Alarming is certainly an understatement to the increasing human rights violations (HRVs) in the Cordillera region. The most recent and most controversial of the HRVs is the arrest and torture of 11 backpackers in Buguias, Benguet due to their alleged participation in the raid of a detachment in Mankayan, Benguet. The sad fact, the arresting unit of the Philippine National Police (PNP) is due for commendation by Gen. Arturo Lomibao.

The use of unnecessary force in arresting the unarmed backpackers and the subsequent torture are indicators that the PNP cannot be relied on upholding the Bill of Rights as embodied in the 1987 Constitution. The torture inflicted on the backpackers by the 1064th Police Mobile Group in Camp Molintas, Abatan, that detained them for more than 48 hours without charges even implies that our peacekeeping forces could not handle the situation.

To know that these backpackers, punks as they call themselves, are actually local tourists and do not even know of the Mankayan incident makes one question the motive of the PNP in exercising its prerogative over the situation.

The group, mostly in their teens, came for the Baguio Panagbenga Flower Festival. Because they arrived almost a week ahead of the float parade and the street dancing, they decided to go to another tourist destination, Sagada in Mountain Province. Not knowing how far the place is from the city, they hitched-hiked until they were stopped at a police checkpoint shortly before noon. They were tortured until they admitted they are involved in the raid of a detachment in Mankayan, Benguet where two soldiers perished and several firearms taken by the rebels.
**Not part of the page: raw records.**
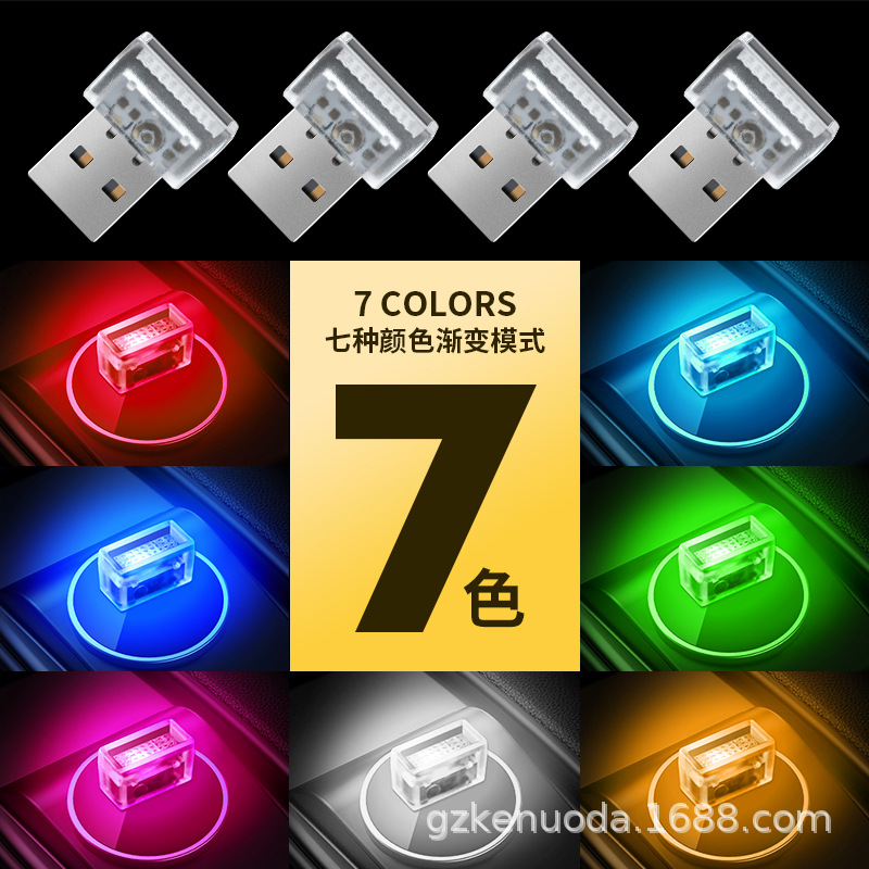 車内雰囲気灯usb呼吸灯無配線変色誘導知能七彩雰囲気灯led車内七色灯
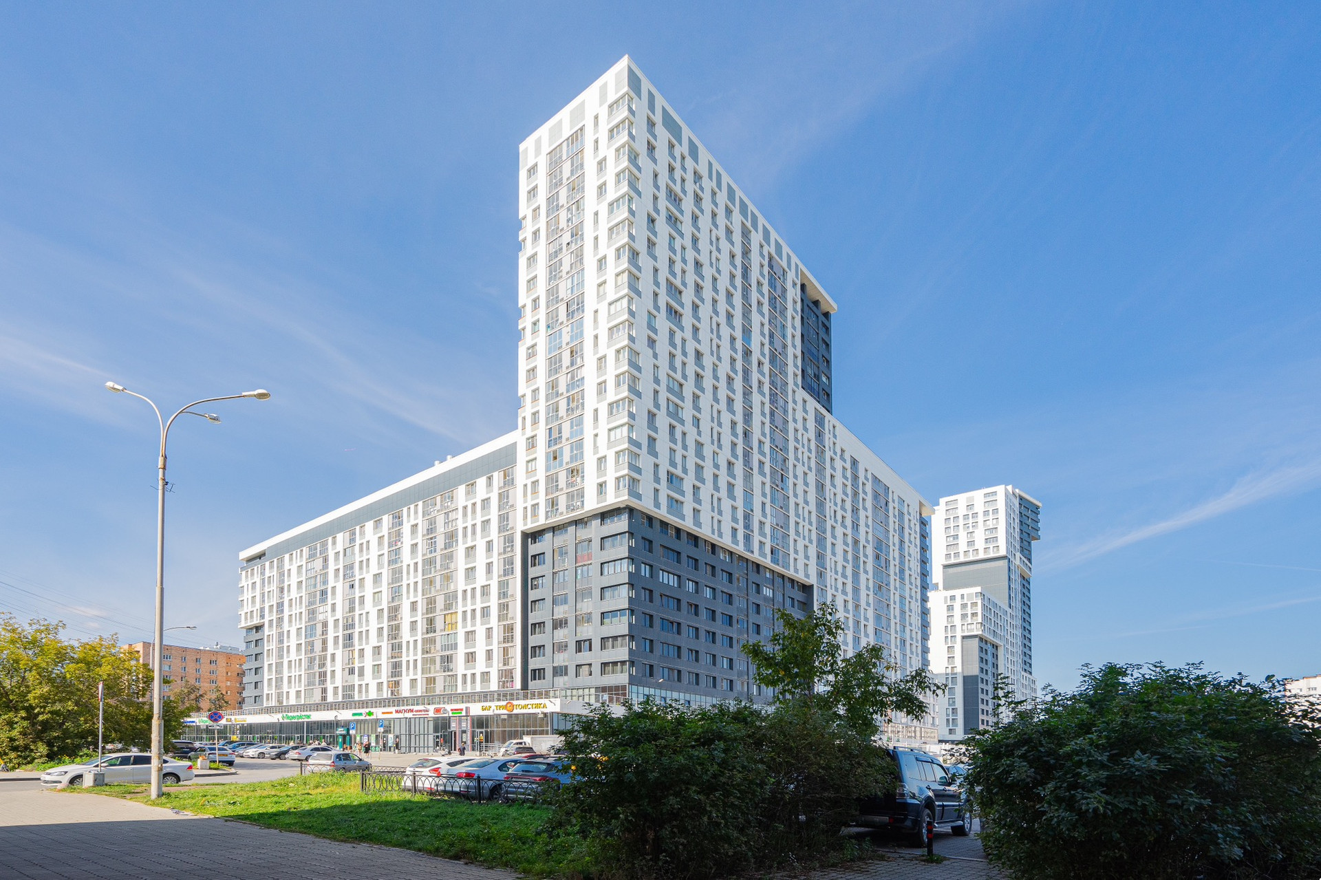 На первых этажах комплекса расположены: супермаркет «Перекресток», магазины, пекарни, кафе, медицинский центр Invitro с диагностическим отделением, развивающие центры для детей, Fresh Fitness фитнес- клуб с бассейном, аптека, парикмахерские и пр. услуги.
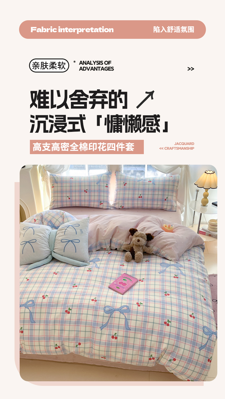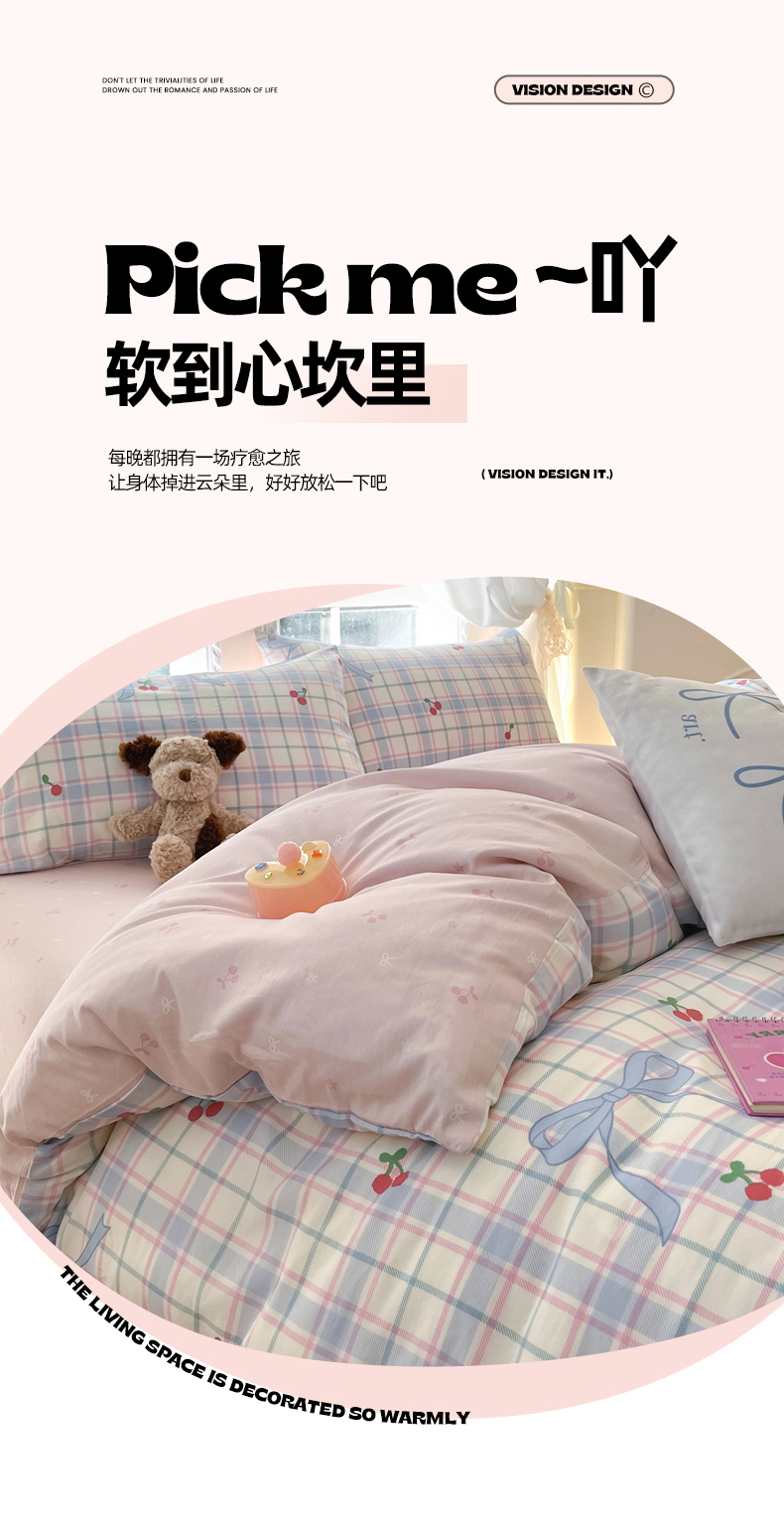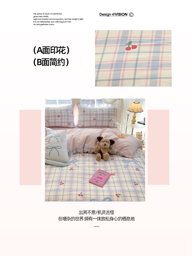 当前位置: 91家纺网 > 商品网购 > 床品套件 > 四件套 > 全棉普通四件套 > Sweet dreams甜梦 2025新款全棉印花卡通小清新四件套 蝴蝶结樱桃
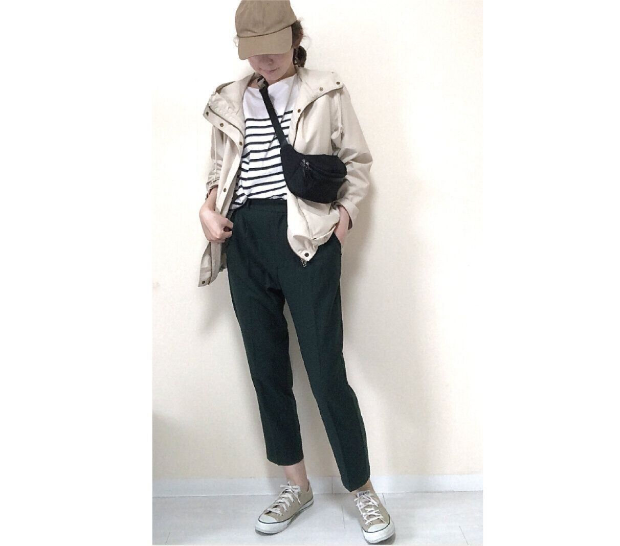 曇りで肌寒く感じる時は、サッと被れておしゃれ感がアップするベレー帽がおすすめ!全体のコーデを、ベージュトーンに合わせると上品な印象になります。

How could the authorities think these guys (and a girl) are NPAs? This callousness on the part of police authorities displays the anti-people character of the PNP. Furthermore, this shows the utter disregard of the Gloria Macapagal-Arroyo administration to protect human rights.

In the same light, the authorities put militant and progressive organizations in Baguio City and elsewhere in the country in an intensified surveillance, intimidation and harassments. Political activists were subjected to stalking, prank calls, burglary and even cell phone snatching.

Are these included in a scheme to keep the activists busy amid a systematic policy of killing the “enemies of the state”?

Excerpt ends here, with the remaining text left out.